The generated file is usually referred to as a diff file or sometimes a patch file. It includes all the changes between the old file and the new one, plus the additional context needed to understand the changes and to apply those changes back to the original file.

There's a command called patch that takes a file generated by diff and applies the changes to the original file. How do we do that? We'll pass the name of the file that we want to patch as the first parameter to the command and then we'll provide the diff file through standard input.

We get one single line that says the file was patched, which means that we've successfully applied the changes.

You might be wondering, why go through all this trouble diffing, and patching, and not just send the whole file instead?

There are a few reasons for this:

The main reason is that the original code could have changed. By using a diff instead of the whole file, we can clearly see what they changed, no matter which version they were using. The patch command can detect that there were changes made to the file and will do its best to apply the diff anyways. It won't always succeed but in many cases it will.
Another reason is structure. In this case we're patching a single small file. But sometimes, you might be modifying a bunch of large files inside of a huge project. Say you are changing four files in a project tree that contain 100 different files, arranged in different directories according to what they do. If you were to send the whole files, you'd need to specify where those files were supposed to be placed. As we called out, we can diff whole directory structures and in that case the diff file can specify where each change file should be without having to do any manual juggling.

Practical Application of diff and patch

Imagine this, a colleague is asking our help with fixing a script named disk_usage.py.

Before we change anything, let’s make a couple copies of the script. We'll add _original to one copy, which we’ll keep unmodified and use for comparison and _fixed to the other copy, which we’ll use to repair our fix.

After making the changes, we need to send a fixed to our colleague so that they can fix their script.

By calling patch with the diff file, we've applied the changes that were necessary to fix the bugs. Let's check that disk_usage.py now executes successfully.

But this is still a very manual process, where version control systems can really help.

diff and patch Cheat Sheet

diff

diff is used to find differences between two files. On its own, it’s a bit hard to use; instead, use it with diff -u to find lines which differ in two files:

diff -u

diff -u is used to compare two files, line by line, and have the differing lines compared side-by-side in the same output.
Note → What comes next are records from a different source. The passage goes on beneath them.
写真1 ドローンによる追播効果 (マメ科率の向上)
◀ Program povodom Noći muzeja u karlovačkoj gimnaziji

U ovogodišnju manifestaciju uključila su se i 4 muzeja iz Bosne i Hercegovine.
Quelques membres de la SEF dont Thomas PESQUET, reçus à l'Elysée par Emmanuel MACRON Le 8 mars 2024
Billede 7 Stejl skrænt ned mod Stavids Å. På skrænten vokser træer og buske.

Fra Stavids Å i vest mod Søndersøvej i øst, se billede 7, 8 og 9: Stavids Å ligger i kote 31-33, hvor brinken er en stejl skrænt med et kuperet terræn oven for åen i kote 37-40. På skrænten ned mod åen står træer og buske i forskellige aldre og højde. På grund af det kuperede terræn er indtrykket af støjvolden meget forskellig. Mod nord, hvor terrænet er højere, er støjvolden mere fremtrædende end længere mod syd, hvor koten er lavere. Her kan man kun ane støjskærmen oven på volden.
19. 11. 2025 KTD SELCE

See below:

~$ cat menu1.txt 
Menu1:

Apples
Bananas
Oranges
Pears

~$ cat menu2.txt 
Menu:

Apples
Bananas
Grapes
Strawberries

~$ diff -u menu1.txt menu2.txt 
--- menu1.txt   2019-12-16 18:46:13.794879924 +0900
+++ menu2.txt   2019-12-16 18:46:42.090995670 +0900
@@ -1,6 +1,6 @@
-Menu1:
+Menu:
 
 Apples
 Bananas
-Oranges
-Pears
+Grapes
+Strawberries

Patch

Patch is useful for applying file differences. See the below example, which compares two files. The comparison is saved as a .diff file, which is then patched to the original file!

~$ cat hello_world.txt 
Hello World
~$ cat hello_world_long.txt 
Hello World

It's a wonderful day!
~$ diff -u hello_world.txt hello_world_long.txt 
--- hello_world.txt     2019-12-16 19:24:12.556102821 +0900
+++ hello_world_long.txt        2019-12-16 19:24:38.944207773 +0900
@@ -1 +1,3 @@
 Hello World
+
+It's a wonderful day!
~$ diff -u hello_world.txt hello_world_long.txt > hello_world.diff
~$ patch < hello_world.diff 
patching file hello_world.txt
~$ cat hello_world.txt 
Hello World

It's a wonderful day!

There are some other interesting patch and diff commands such as patch -p1, diff -r !
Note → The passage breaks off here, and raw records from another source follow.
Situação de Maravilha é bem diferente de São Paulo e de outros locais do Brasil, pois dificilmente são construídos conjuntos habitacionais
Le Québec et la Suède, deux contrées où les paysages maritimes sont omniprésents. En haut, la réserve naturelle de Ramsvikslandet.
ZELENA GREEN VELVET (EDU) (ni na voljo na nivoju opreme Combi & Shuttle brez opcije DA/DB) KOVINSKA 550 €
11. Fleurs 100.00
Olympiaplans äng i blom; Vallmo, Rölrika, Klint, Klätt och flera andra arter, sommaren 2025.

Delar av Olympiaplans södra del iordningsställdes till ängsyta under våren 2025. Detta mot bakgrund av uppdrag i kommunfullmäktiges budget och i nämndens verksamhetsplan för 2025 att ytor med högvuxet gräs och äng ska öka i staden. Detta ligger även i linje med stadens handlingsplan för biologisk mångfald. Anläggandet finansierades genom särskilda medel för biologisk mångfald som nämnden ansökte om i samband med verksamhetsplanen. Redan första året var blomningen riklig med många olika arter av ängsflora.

Check them out in the following references:

Version Control Systems

What is version control?

A Version Control System keeps track of the changes that we make to our files. By using a VCS, we can know when the changes were made and who made them.
It also lets us easily revert a change if it turned out not to be a good idea.
It makes collaboration easier by allowing us to merge changes from lots of different sources
Version Control System can be used to store much more than just code. We can use it to store configuration files, documentation, data files, or any other content that we may need to track.

Version Control and Automation

If anything breaks after you change your code, you can rely on the VCS to tell you what the file looked like before the change.
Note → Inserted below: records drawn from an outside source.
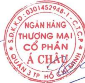
Trần Hùng Huy Chủ tịch Hội đồng Quản trị Ngày 13 tháng 8 năm 2018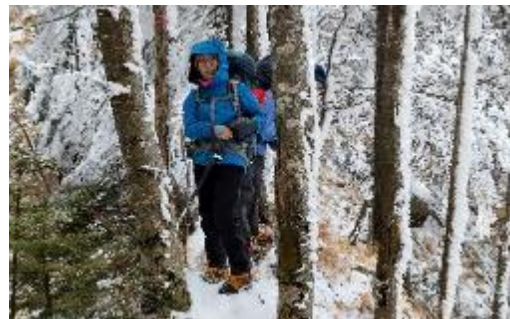
池口岳付近。雪山でした。

樹林に夕陽が差し込み、周りを金色に照らす。温かな光に包まれながら、先行する二人が進んでいく。同じ景色に自分もいる事がとても幸せに感じた。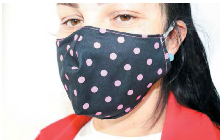
Máscaras devem cobrir o nariz e a boca e ficarem bem ajustadas ao rosto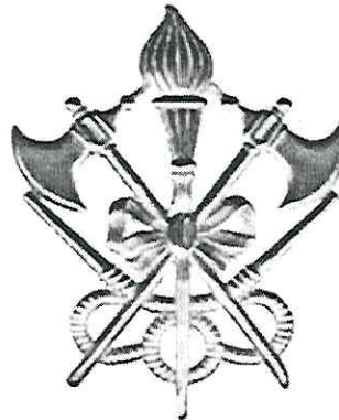
Figura 2. Escudo de Fuego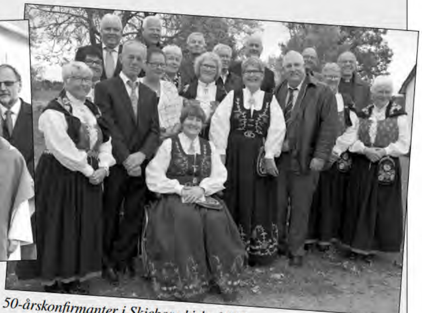
50-årskonfirmanter i Skjeberg kirke 2016.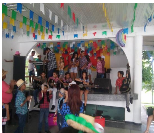
Apresentação musical do reforço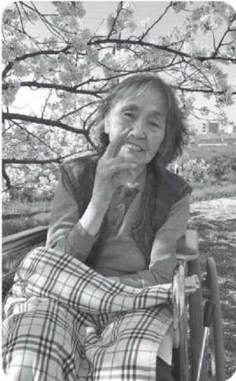
桜満開！天気も良く楽しいドライブ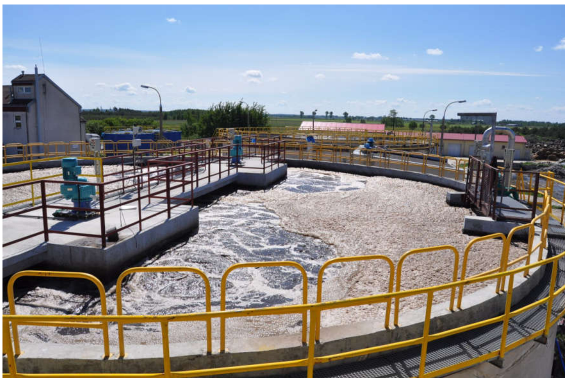
Oczyszczalnia ścieków w Pieszku- komora nityfikacji

You can then revert to the old version quickly, so you can fix the problem fast and figure out what went wrong later. This functionality enhances the reliability of systems you operate.

Because of the audit trail provided by the VCS, you know exactly what version of the code to rollback to, which reduces the time it takes to fix the problem.

It's generally better to quickly roll back first and stop errors before spending time figuring out what went wrong.

Figuring out the bug might take up valuable time or worse, your first attempt at a solution can have its own bugs.

What is Git?

Git is a VCS created in 2005 by Linus Torvalds. The developer who started the Linux kernel.
Git is a free open source system available for installation on Unix based platforms, Windows and macOS.
Linus originally created get to help manage the task of developing the Linux kernel. This was difficult because a lot of geographically distributed programmers were collaborating to write a whole bunch of code.
Git has a distributed architecture. This means that every person contributing to a repository has full copy of the repository on their own development machines.
If you want to collaborate with others, it usually makes sense to set up a repository on a server to act as a kind of hub for everyone to interact with.
But Git doesn't rely on any kind of centralized server to provide control organizations to its workflow. Git can work as a standalone program as a server and as a client. This means that you can use Git on a single machine without even having a network connection.
Git clients can communicate with Git servers over the network using HTTP, SSH or Git's own special protocol.
You can use Git to track private work that you can keep to yourself or you can share your work with others by hosting a code on public servers like Github, Gitlab or others.
A commit is a collection of edits which has been submitted to the version control system for safe keeping.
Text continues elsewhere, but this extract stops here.